▶ **Problem statement**: Pictures excluded, reproduce exactly the lines below from the one with "Die Tour verläuft" through the one with "does China’s new", both included.

Records from a collection:
===============

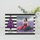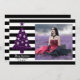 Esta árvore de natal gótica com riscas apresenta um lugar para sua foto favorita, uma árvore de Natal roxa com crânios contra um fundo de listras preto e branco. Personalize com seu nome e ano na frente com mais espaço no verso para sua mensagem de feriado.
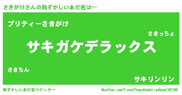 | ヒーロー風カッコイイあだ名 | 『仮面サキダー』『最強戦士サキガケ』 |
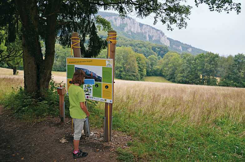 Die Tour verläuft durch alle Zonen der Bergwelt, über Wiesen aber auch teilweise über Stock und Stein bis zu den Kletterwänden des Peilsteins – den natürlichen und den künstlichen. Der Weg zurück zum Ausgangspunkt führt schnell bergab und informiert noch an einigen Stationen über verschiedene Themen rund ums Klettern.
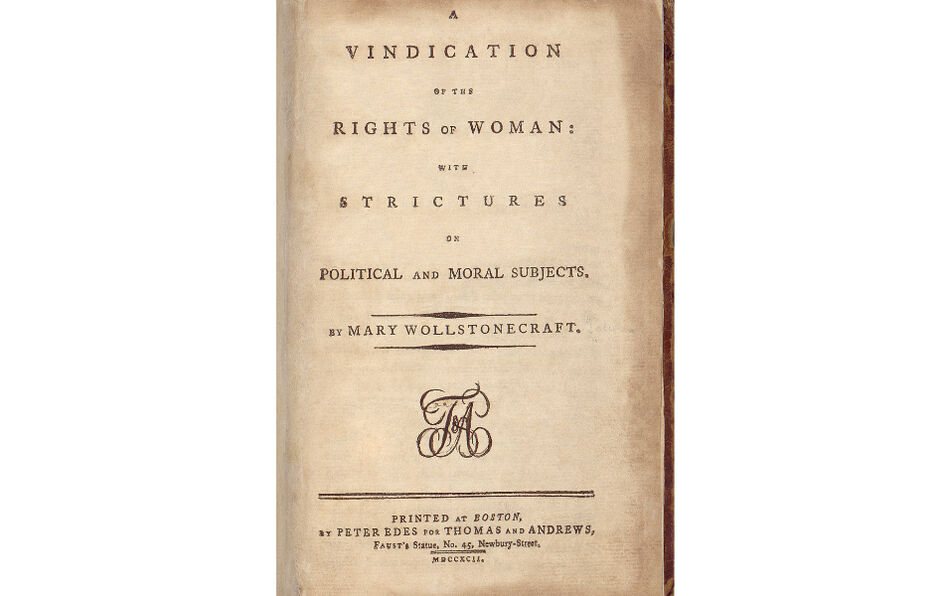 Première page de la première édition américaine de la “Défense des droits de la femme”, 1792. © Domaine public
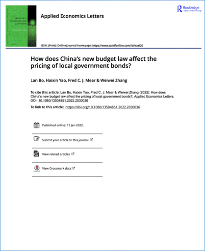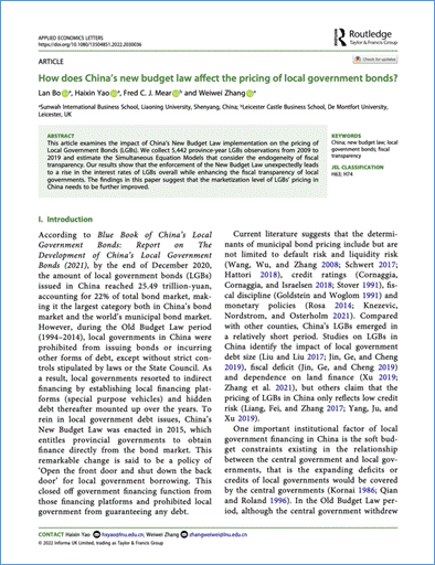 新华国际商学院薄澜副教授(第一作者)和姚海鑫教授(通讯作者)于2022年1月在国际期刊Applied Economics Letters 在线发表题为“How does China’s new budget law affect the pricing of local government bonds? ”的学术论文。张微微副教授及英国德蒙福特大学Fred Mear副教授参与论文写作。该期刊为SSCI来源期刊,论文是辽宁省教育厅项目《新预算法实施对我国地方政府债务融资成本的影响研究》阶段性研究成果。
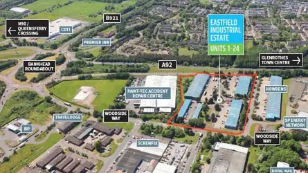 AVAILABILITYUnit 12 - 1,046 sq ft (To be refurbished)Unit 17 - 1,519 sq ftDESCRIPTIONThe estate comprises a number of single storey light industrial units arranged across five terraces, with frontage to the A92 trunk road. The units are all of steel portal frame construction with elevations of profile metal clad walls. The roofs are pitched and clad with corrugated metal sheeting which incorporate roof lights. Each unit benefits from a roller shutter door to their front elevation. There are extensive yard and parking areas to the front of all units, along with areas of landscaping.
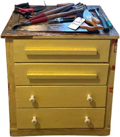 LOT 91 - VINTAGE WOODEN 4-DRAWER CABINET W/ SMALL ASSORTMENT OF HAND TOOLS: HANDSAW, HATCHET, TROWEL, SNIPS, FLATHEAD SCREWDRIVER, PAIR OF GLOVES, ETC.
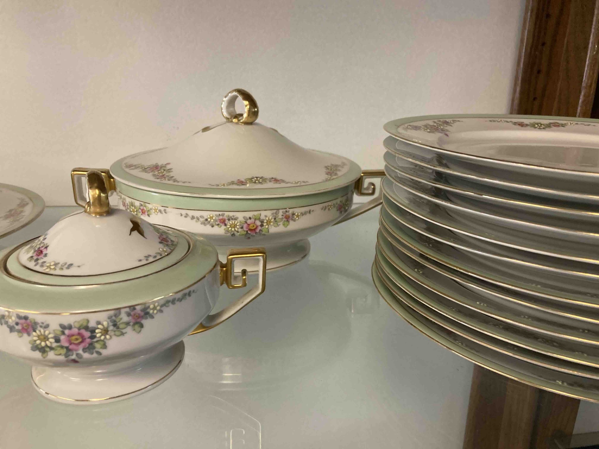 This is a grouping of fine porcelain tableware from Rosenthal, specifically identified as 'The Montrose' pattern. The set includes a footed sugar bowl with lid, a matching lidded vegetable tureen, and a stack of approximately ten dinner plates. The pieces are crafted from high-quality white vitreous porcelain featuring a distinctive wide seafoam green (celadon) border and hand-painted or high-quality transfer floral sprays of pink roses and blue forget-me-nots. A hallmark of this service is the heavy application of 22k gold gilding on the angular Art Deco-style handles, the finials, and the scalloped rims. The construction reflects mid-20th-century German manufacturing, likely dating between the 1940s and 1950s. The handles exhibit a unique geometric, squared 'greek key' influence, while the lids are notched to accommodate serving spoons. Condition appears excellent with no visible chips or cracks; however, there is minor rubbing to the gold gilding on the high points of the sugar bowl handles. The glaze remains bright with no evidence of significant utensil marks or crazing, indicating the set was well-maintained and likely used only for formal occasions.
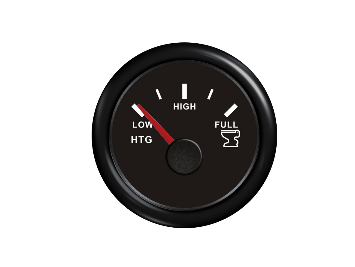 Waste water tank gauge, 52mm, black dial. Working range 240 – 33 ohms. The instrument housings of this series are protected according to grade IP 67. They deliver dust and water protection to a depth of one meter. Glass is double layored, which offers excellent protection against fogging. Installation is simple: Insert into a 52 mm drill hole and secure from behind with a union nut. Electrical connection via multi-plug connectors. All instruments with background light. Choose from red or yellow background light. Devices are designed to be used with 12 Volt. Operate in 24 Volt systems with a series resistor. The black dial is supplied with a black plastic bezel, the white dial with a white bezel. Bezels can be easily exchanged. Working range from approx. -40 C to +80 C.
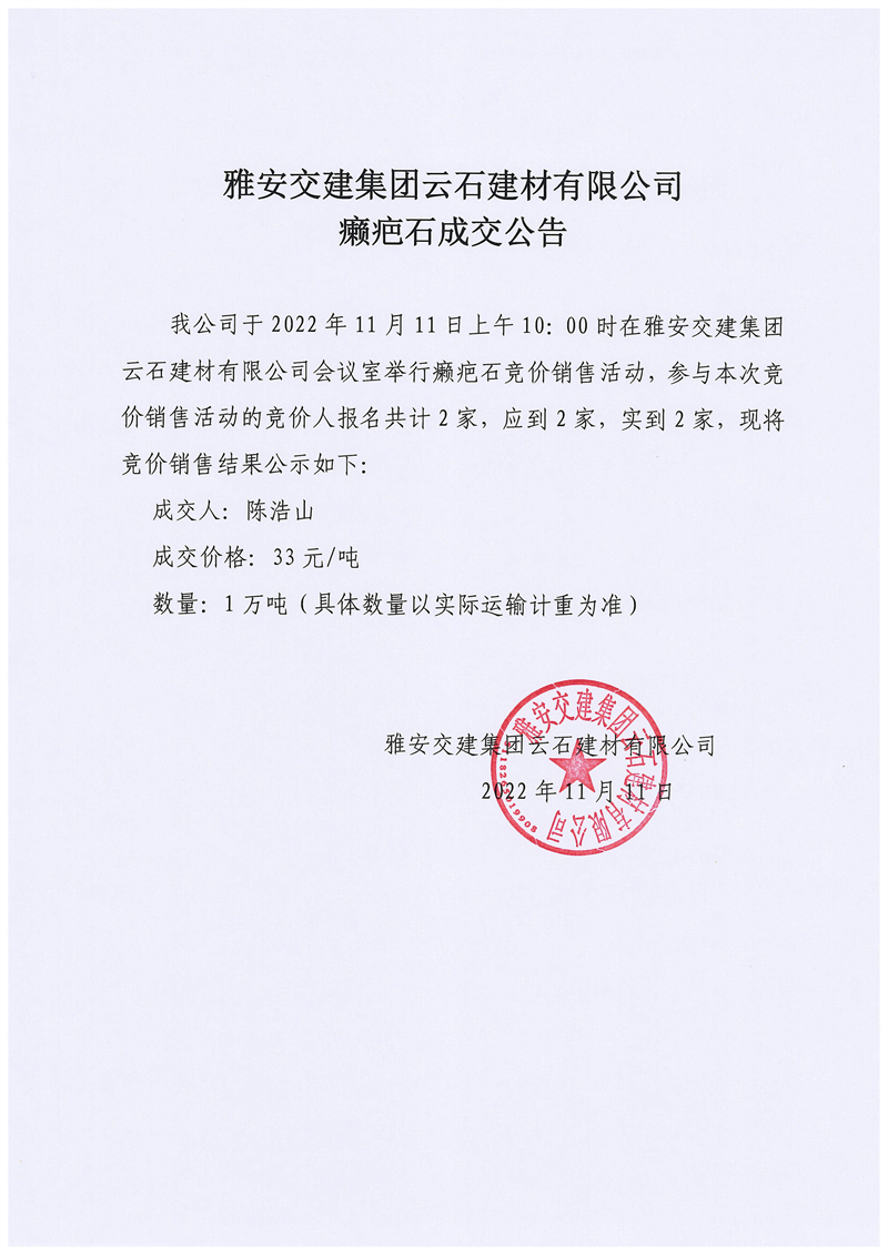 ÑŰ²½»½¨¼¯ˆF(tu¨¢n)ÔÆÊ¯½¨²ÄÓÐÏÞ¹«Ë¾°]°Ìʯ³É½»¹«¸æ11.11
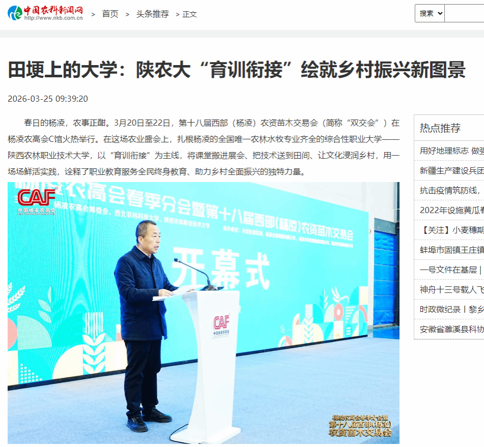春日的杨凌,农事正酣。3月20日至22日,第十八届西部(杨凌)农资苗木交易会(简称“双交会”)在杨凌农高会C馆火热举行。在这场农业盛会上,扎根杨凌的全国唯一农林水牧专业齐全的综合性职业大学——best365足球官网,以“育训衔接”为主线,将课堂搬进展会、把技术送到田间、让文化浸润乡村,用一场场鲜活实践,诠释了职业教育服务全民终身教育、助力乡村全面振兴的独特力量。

===============

▶ **Result for this task**:
 Die Tour verläuft durch alle Zonen der Bergwelt, über Wiesen aber auch teilweise über Stock und Stein bis zu den Kletterwänden des Peilsteins – den natürlichen und den künstlichen. Der Weg zurück zum Ausgangspunkt führt schnell bergab und informiert noch an einigen Stationen über verschiedene Themen rund ums Klettern.
 Première page de la première édition américaine de la “Défense des droits de la femme”, 1792. © Domaine public
 新华国际商学院薄澜副教授(第一作者)和姚海鑫教授(通讯作者)于2022年1月在国际期刊Applied Economics Letters 在线发表题为“How does China’s new budget law affect the pricing of local government bonds? ”的学术论文。张微微副教授及英国德蒙福特大学Fred Mear副教授参与论文写作。该期刊为SSCI来源期刊,论文是辽宁省教育厅项目《新预算法实施对我国地方政府债务融资成本的影响研究》阶段性研究成果。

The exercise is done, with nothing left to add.